Ah.....so in that case you must see dramatically rising unemployment, dramatically rising numbers of beneficiaries, dramatically rising numbers of NZers fleeing across the Ditch, and dramatically rising child poverty to be one of the Nats' great success stories, eh?


im surprise with al your knowledge KTJ that you havent noticed that unemployment figures are up and down throughout a year depending on what part of the year we are looking at .....

actually beneficioeries increase when there is an increase in unemployment ...... duh !!

people have been flying across the ditch and further afield since god know when and will continue to do so ... just like people from other countries come to NZ ....

child poverty IS NOT THE FAULT OF NATIONAL [ or Labour before them ] ....

the govt has no control over any child born into a family the responsibility for the children rests with those women [ and men ] to whom they are conceived and born to .... NOT A GOVT ...
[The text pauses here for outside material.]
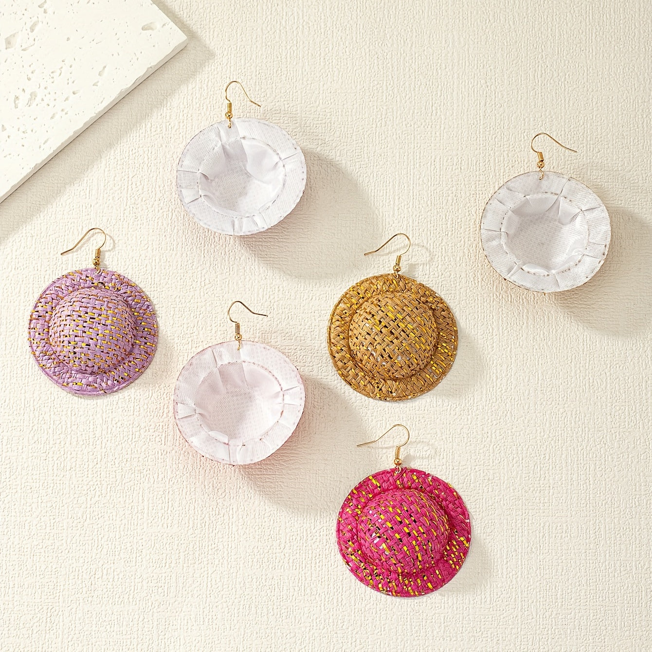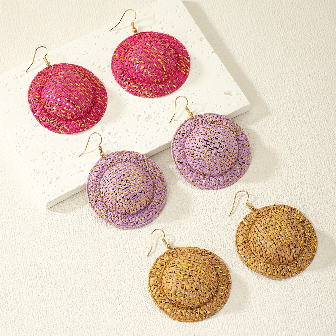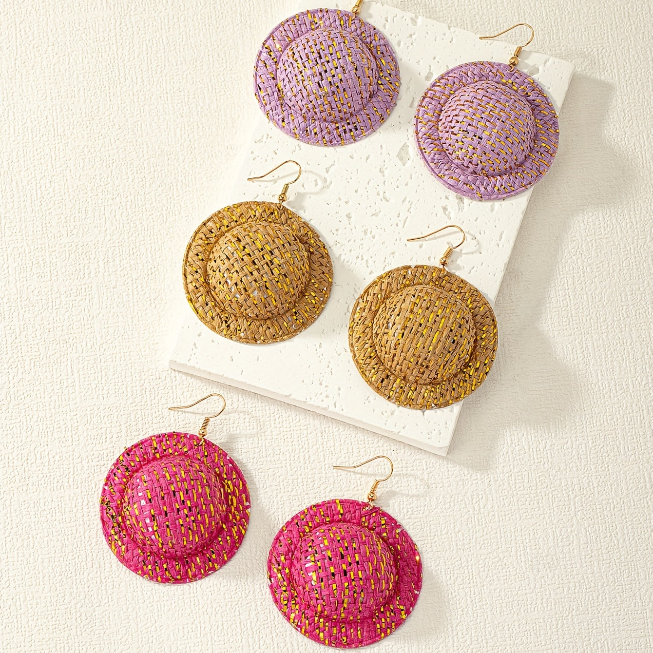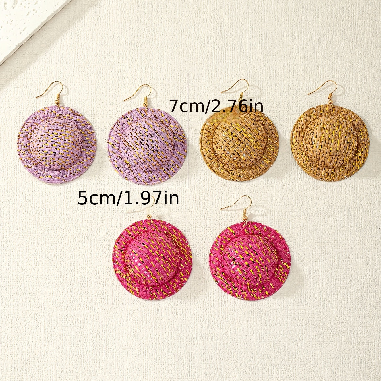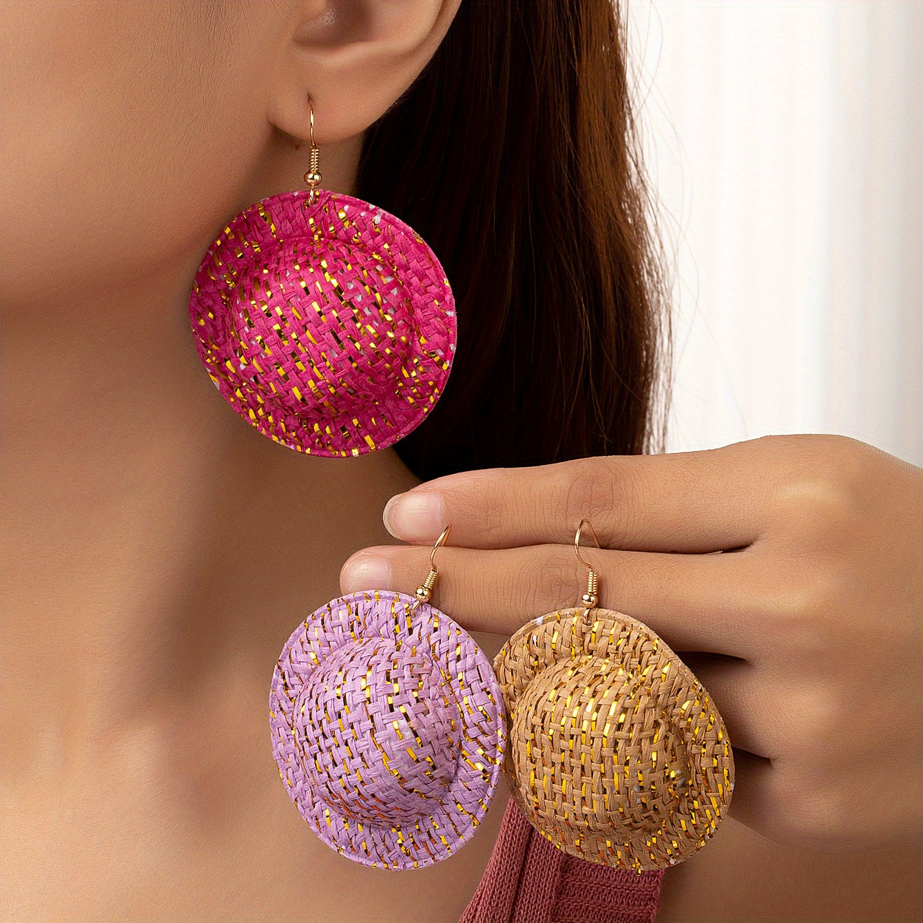 These mini straw hat dangle earrings are perfect for adding a bohemian touch to your outfit. They are braided and make a great gift for females.
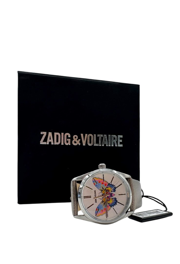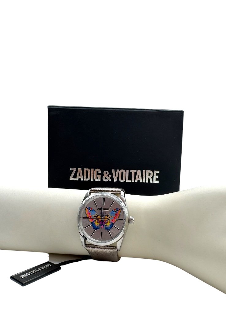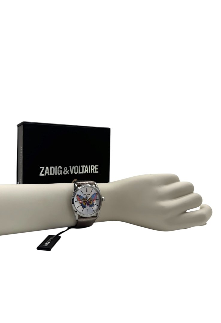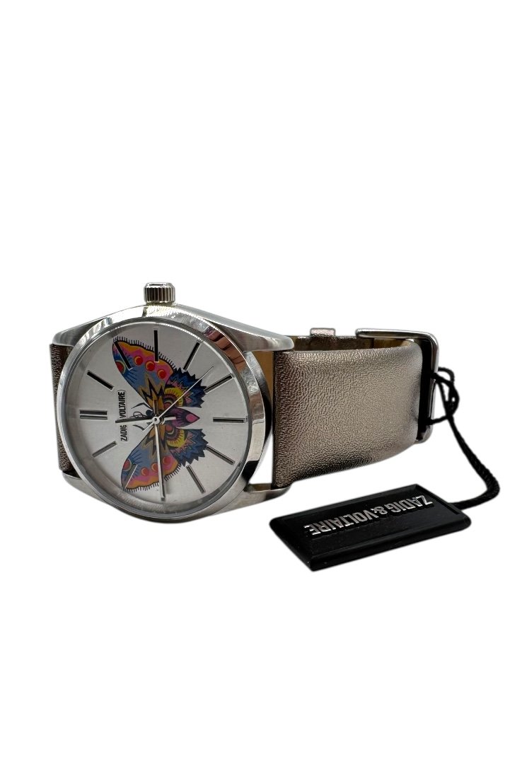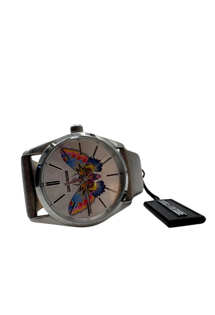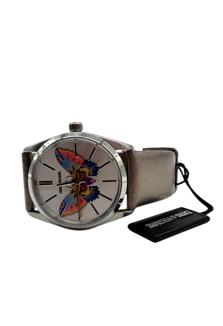 Reloj elaborado en 100% acero, caratula con diseño de mariposa.

so therefore the Nats [ and Labour before them ] arent responsible for parents who wont put food on the table for their off spring instead those parents are more interested in buying drugs alcohol and playing the pokies instead of buying food

what is so hard top understand about that ?

now since your up with what the greens are proposing care to share with us what they plan to do to decrease unemployment lower the beneficiary numbers and alleviate so called child poverty ..... ?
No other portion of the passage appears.